● **EXERCISE DIRECTIONS**
Go to the line holding "La manifestació del" in the data below and repeat it exactly, then each line after it up to and including the one holding "五月山は五月山にあらず". Omit pictures.

** Opening GIVEN RECORDS block **

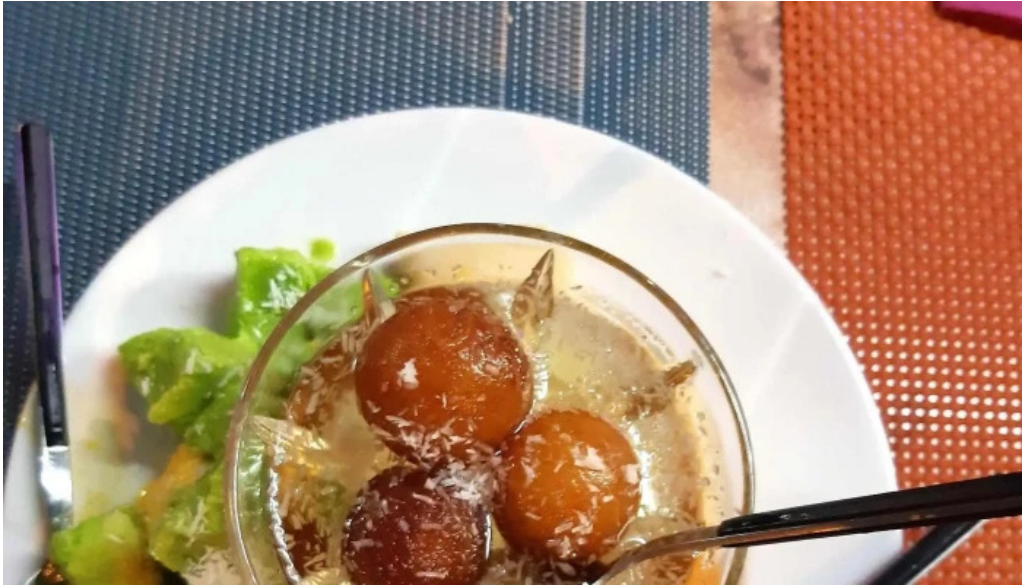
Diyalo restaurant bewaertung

** Closing GIVEN RECORDS block **
** Opening GIVEN RECORDS block **

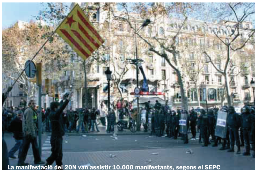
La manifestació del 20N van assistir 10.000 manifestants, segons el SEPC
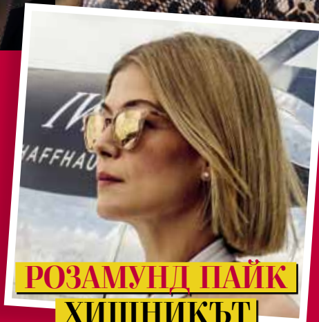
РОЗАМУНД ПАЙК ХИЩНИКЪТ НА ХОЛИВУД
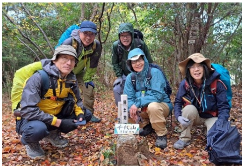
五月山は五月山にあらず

** Closing GIVEN RECORDS block **
** Opening GIVEN RECORDS block **

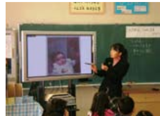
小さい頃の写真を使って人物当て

** Closing GIVEN RECORDS block **

● **ANSWER TO THIS TASK**
La manifestació del 20N van assistir 10.000 manifestants, segons el SEPC
РОЗАМУНД ПАЙК ХИЩНИКЪТ НА ХОЛИВУД
五月山は五月山にあらず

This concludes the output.